Here is an example from ?table1. Note how it allows you to define labels for each variable, and units for continuous variables, and to stratify the table. Also, note that other table1 documentation includes recoding and creation of factors using base R, which is different than how I’ve shown you. Those methods of recoding are equivalent, and you don’t need to use them in order to use the table package, it’s just part of their examples. The example shown here doesn’t do any recoding.

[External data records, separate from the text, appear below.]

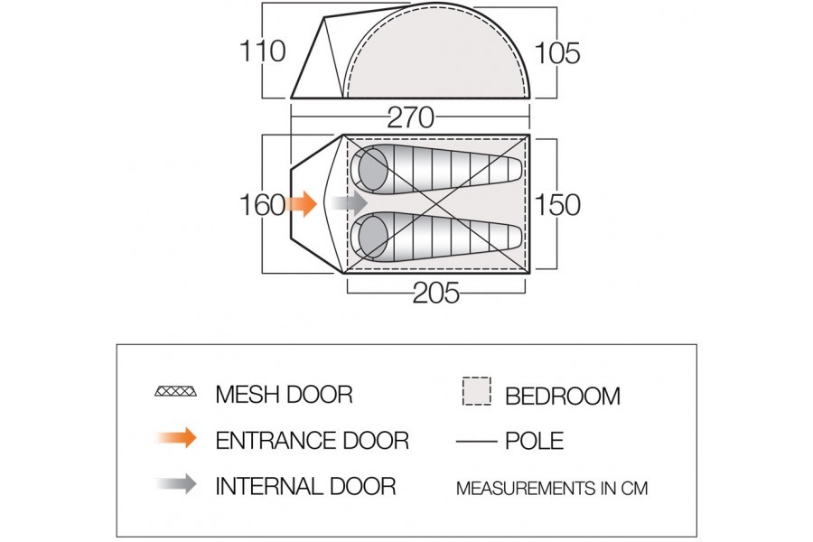 - Protex® 70 Denier Polyester Flysheet, 3000mm HH – Highly waterproof, durable and reliable fabric, exclusive to Vango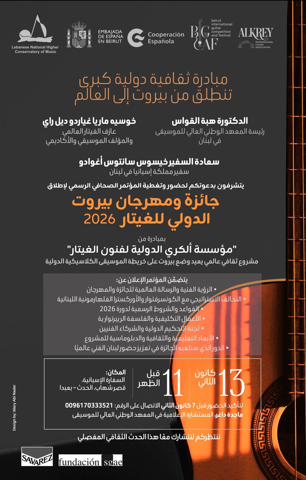 تنطلق من بيروت مبادرة ثقافية موسيقية مع الإعلان الرسمي عن جائزة ومهرجان بيروت الدولي للغيتار 2026، وذلك في مؤتمر صحافي يُعقد في 13 كانون الثانييناير الجاري في السفارة الإسبانية – قصر شهاب.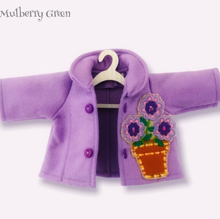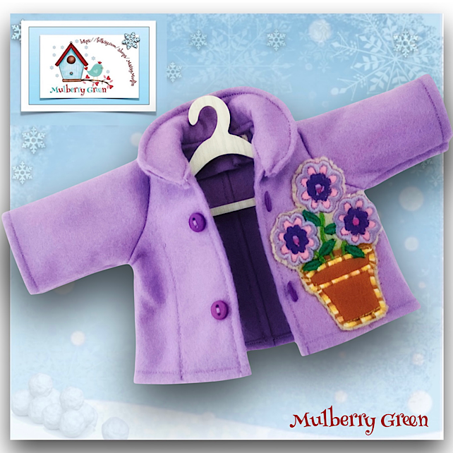 A beautiful little tailored jacket embroidered with a pit of flowers, made especially to fit the Mulberry Green dolls.

This first bit of code just creates a simulated dataset

dat <- expand.grid(id=1:10, sex=c("Male", "Female"), treat=c("Treated", "Placebo"))
dat$age <- runif(nrow(dat), 10, 50)
dat$age[3] <- NA  # Add a missing value
dat$wt <- exp(rnorm(nrow(dat), log(70), 0.2))

Now use the table1 package to define labels and units.

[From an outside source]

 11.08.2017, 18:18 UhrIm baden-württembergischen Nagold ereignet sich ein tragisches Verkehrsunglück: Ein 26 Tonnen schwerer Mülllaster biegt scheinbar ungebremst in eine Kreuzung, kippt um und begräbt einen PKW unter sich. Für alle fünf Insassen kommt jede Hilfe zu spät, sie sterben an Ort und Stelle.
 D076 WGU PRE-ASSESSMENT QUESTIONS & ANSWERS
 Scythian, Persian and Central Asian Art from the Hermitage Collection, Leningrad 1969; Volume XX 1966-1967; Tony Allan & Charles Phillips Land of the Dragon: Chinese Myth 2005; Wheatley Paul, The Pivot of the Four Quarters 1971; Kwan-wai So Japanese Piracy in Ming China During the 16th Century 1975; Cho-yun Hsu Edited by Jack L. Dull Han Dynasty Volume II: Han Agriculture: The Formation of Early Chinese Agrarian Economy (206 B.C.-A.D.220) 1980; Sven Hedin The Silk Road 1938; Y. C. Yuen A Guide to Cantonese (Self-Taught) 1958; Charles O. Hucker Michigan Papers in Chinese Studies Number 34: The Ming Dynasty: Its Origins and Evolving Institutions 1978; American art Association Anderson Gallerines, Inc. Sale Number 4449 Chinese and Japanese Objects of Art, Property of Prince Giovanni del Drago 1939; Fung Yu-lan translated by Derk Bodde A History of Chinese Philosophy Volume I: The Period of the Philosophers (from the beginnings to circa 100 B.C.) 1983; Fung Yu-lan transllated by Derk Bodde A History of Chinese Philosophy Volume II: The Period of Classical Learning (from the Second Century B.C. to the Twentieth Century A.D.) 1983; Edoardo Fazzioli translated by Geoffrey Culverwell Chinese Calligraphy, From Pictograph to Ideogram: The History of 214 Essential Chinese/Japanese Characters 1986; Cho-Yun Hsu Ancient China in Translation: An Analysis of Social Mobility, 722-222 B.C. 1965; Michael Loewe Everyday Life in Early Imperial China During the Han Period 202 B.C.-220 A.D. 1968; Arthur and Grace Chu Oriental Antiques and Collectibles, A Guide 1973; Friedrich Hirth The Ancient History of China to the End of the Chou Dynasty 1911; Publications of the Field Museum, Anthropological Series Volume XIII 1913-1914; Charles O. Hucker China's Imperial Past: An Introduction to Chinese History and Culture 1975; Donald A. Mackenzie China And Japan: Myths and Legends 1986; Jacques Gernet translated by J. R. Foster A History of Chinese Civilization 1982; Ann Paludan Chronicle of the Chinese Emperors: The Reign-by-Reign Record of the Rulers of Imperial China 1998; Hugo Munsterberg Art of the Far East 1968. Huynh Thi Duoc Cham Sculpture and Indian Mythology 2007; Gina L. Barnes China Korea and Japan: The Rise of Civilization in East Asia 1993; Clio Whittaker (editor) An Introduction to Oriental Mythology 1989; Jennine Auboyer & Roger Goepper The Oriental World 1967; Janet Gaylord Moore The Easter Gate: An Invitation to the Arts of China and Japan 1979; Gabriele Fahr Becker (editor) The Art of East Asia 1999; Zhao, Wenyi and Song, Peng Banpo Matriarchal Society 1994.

suppressPackageStartupMessages(library(table1))
label(dat$sex) <- "Sex"
label(dat$age) <- "Age"
label(dat$treat) <- "Treatment Group"
label(dat$wt) <- "Weight"

units(dat$age) <- "years"
units(dat$wt) <- "kg"

Make a table with one level of stratification:

table1(~ sex + age + wt | treat, data=dat)
Treated
(N=20)
Placebo
(N=20)
Overall
(N=40)
Sex
Male 10 (50.0%) 10 (50.0%) 20 (50.0%)
Female 10 (50.0%) 10 (50.0%) 20 (50.0%)
Age (years)
Mean (SD) 33.6 (11.8) 27.7 (11.0) 30.6 (11.6)
Median [Min, Max] 37.4 [11.9, 49.6] 29.2 [10.1, 45.9] 32.3 [10.1, 49.6]
Missing 1 (5.0%) 0 (0%) 1 (2.5%)
Weight (kg)
Mean (SD) 66.7 (15.7) 69.6 (11.4) 68.1 (13.6)
Median [Min, Max] 65.3 [42.5, 110] 67.2 [48.7, 87.5] 65.7 [42.5, 110]

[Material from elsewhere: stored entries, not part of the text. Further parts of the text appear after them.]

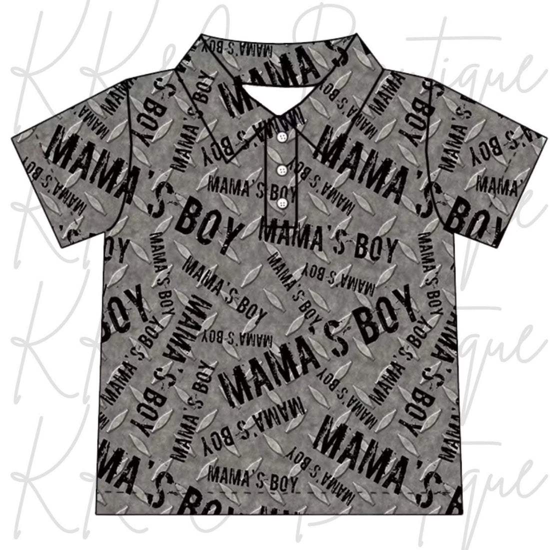 This “Mama’s Boy” button-neck tee brings a rugged look with its steel-plate pattern and bold...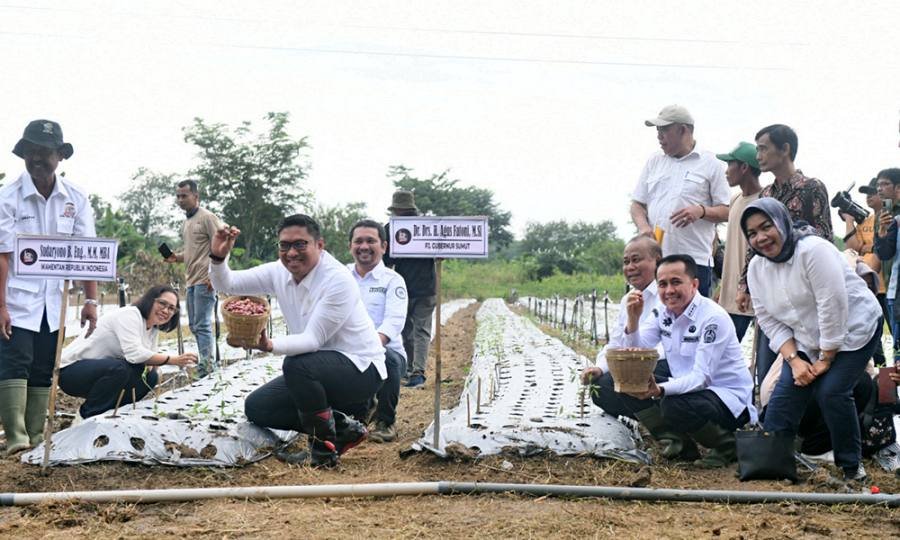 Deliserdang, POL | Pemerintah Provinsi (Pemprov) Sumatera Utara (Sumut) berkomitmen untuk terus menjaga kedaulatan pangan di Sumut. Hal tersebut disampaikan Penjabat (Pj) Gubernur Sumut Agus Fatoni saat mendampingi kunjungan kerja Wakil Menteri Pertanian (Wamentan) Sudaryono meluncurkan Food Estate Mini, sekaligus menanam cabai merah, bawang merah dan jagung perdana di Desa Sena, Deliserdang, Minggu (11/8/2024).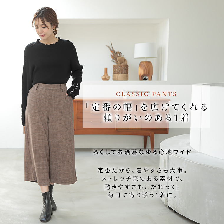 あったかいのにスッキリ綺麗TR両面起毛ストレッチワイドパンツ

Make a table with two levels of stratification (nesting):

table1(~ age + wt | treat*sex, data=dat)
Treated
Placebo
Overall
Male
(N=10)
Female
(N=10)
Male
(N=10)
Female
(N=10)
Male
(N=20)
Female
(N=20)
Age (years)
Mean (SD) 33.5 (12.0) 33.7 (12.3) 26.7 (9.74) 28.6 (12.5) 29.9 (11.1) 31.2 (12.4)
Median [Min, Max] 37.4 [16.2, 49.6] 37.5 [11.9, 48.5] 26.5 [10.1, 40.2] 31.5 [11.0, 45.9] 28.7 [10.1, 49.6] 34.4 [11.0, 48.5]
Missing 1 (10.0%) 0 (0%) 0 (0%) 0 (0%) 1 (5.0%) 0 (0%)
Weight (kg)
Mean (SD) 71.7 (17.1) 61.7 (13.2) 66.3 (9.86) 72.9 (12.4) 69.0 (13.8) 67.3 (13.7)
Median [Min, Max] 67.0 [50.1, 110] 60.1 [42.5, 82.1] 64.1 [50.5, 81.6] 75.0 [48.7, 87.5] 65.0 [50.1, 110] 68.2 [42.5, 87.5]

4 Question: can I do different analyses, or analyze different variables than the authors of the paper did?

Yes, you are free to choose different analyses / exposures than the authors did, and you don’t have to use all the variables. I am only looking for you to demonstrate proficiency in the methods, and how you do that is up to you.